При Петре в Вельске появилась промышленность. На городской земле два купца поставили два скипидарных завода с коптильнями для выделки сажи – один на берегу Ваги, а другой – на берегу Вели. Понятное дело, что на настоящую промышленность два этих заводика походили мало, учитывая то, что рабочих на них можно было перечесть по пальцам одной руки, а машин и механизмов и вовсе не имелось, но другой промышленности… Скипидар и сажу отправляли на подводах в Вологду и Ярославль. В Вельске, хотя он еще и не был настоящим городом, был учрежден магистрат и назначен ратман. Если исключить закладку каменной Троицкой церкви в 1741 году в Вельске и ее освящение через одиннадцать лет, то в первой половине восемнадцатого века в городе происходило примерно ничего.
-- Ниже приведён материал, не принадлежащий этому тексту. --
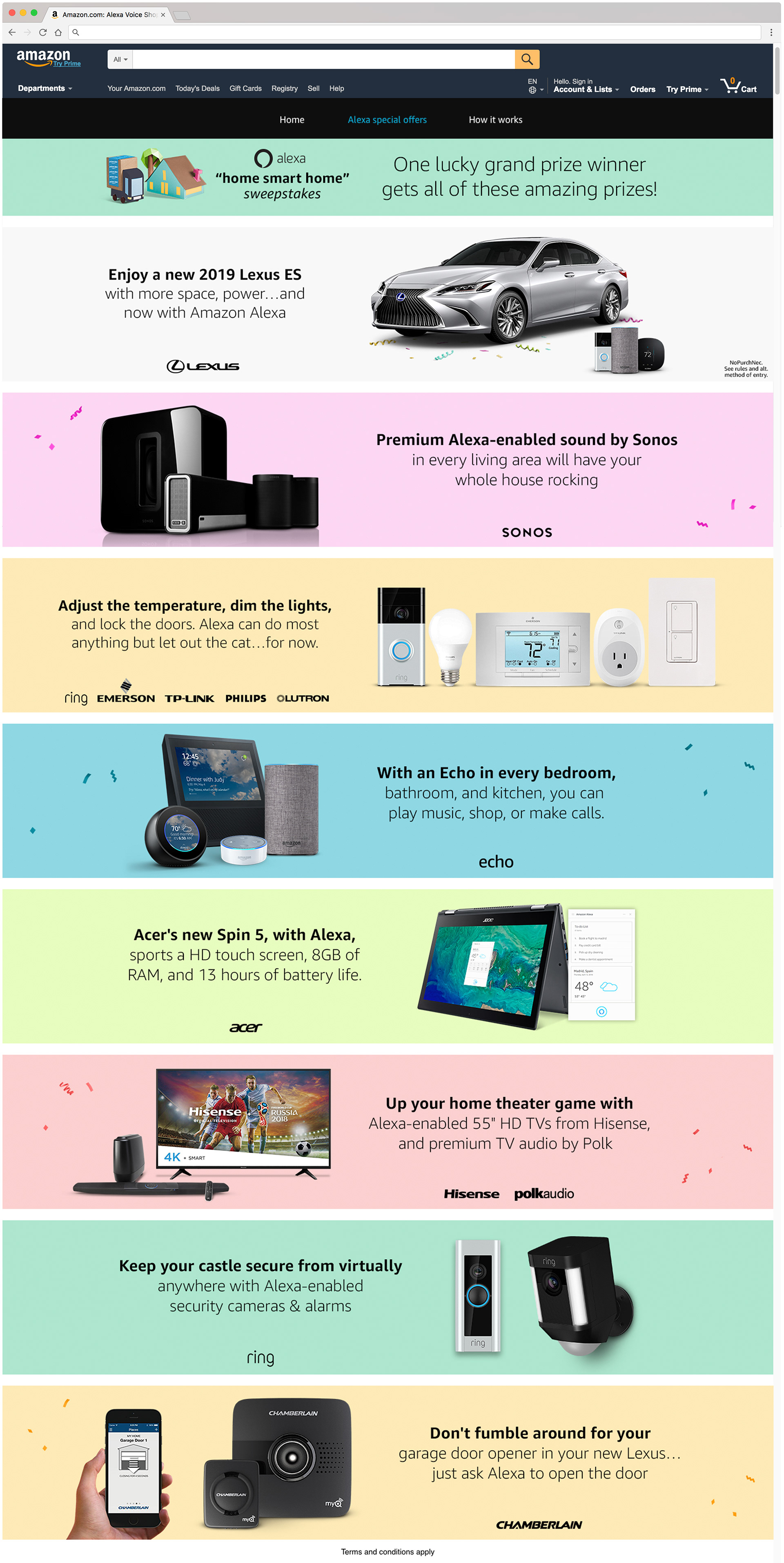 Amazon Prime Day Sweepstakes landing page. This was designed with the prime day style guide and content grid management system. We were giving away some awesome prizes. A maximum of 10 entries per person was allowed. You could enter by clicking on the panels or by asking the Alexa utterances.

Происходила обычная жизнь – чья-то корова забредала в чужой огород, кто-то вылавливал в Ваге преогромную щуку, кто-то тонул в Вели по пьянке, а кому-то вымазывали ворота первосортным дегтем местного производства, но такого, чтобы… Нет, такого не было. Вот в 1762 году произошло – вологодские купцы Колесов и Шайкин построили в уезде чугунолитейный завод. Сырьем была болотная руда, которую добывали тут же, по берегам речки Терменьги. Завод работал на местный рынок и вообще просуществовал недолго, поскольку болотная руда быстро кончилась, да и была низкого качества. Мы бы, может, и не вспоминали о нем вообще, но за время своей недолгой работы завод успел отлить чугунные плиты для покрытия пола вологодского кафедрального Софийского собора. Они покрывают там пол и сегодня.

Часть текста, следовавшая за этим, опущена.